Julian Siegel moved to Fort Collins in 1924, immigrating from Poland, first working as a door-to-door salesman before opening Julian’s, a women’s clothing shop at 114 S. College Avenue. In 1942, he moved his shop across the street to the Colorado Building. Shortly after renting the 137 S. College unit, he commissioned an architect to design a Modern store-front, the one you see today and one of the only of such styled storefronts of its kind to survive in Fort Collins. Julian acquired the northern half of the building in 1957 and continued operating his store here until 1985, and the northern half of the building remains in the Siegel family to this day. Beyond running his shop, Siegel was known in the community as a civil rights advocate from the 1940s to the 1960s.
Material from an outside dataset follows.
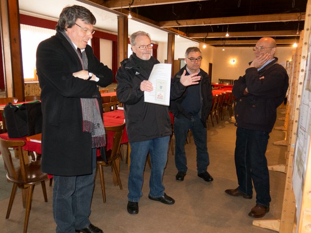 Nach dem Termin im Dorf-Treff und einen Rundgang durch die KiTa ging es dann in den Gemeinde-Sitzungsraum, wo Kaffee und Mohnkuchen auf den Besucher und die Gastgeber wartete. An der Kaffeetafel unterhielten sich die Rhader mit Hans-Peter Daub über die Zukunft der Dörfer vor dem Hintergrund des demographischen Wandels, also über die Nahversorgung, den öffentlichen Nahverkehr, Barrierefreiheit, die Grundschule, wie man die jungen Leute im Dorf halten kann, Lückenbebauung. Hans-Peter Daub zeigte sich sehr kenntnisreich und machte deutlich, dass für ihn die Interessen der Bürger und ihr Engagement einen sehr hohen Stellenwert haben. Schließlich mündete das Gespräch in die Gretchenfrage, die da lautete, wie Hans-Peter Daub sich gegenüber dem Rhader Projekt verhielte, sollte er denn Landrat werden. Daub antwortete: „Es ist doch toll, wenn die Bürger Initiative zeigen und aktiv werden, etwas Besseres kann einem Landrat doch gar nicht passieren. Ich müsste doch mit dem Klammerbeutel gepudert sein, würde ich das nicht unterstützen! ” (fb 15.03.2014)

Partnering with Reverend Harold McMillian of the Congregational Church, Siegel and McMillian visited many of the downtown shop owners, petitioning them to remove the “White Trade Only” signs that appeared in many storefronts in downtown Fort Collins through the 1960s. Julian passed away in 1993, and his wife Ida in 2012. They are both buried in Pensacola, Florida.
Other Significant Sites#
Please note that the properties below, while highlighted as important locations, may not be open to the public as they are private residences/sites of worship. Please remain on public sidewalks, respect posted signs, and respect the privacy of the residents/congregation.
502 Wayne Street, the Siegel Residence#
Built in 1941 for the Siegel family, this brick home at 502 Wayne Street remained the Siegel family home for much of their time while living in Fort Collins.
Congregation Har Shalom, 725 W. Drake Rd.#
Congregation Har Shalom became the first permanent synagogue in Fort Collins for the Jewish community co-founded in 1982 by the Aaronson, Hanck, and Sherrod families.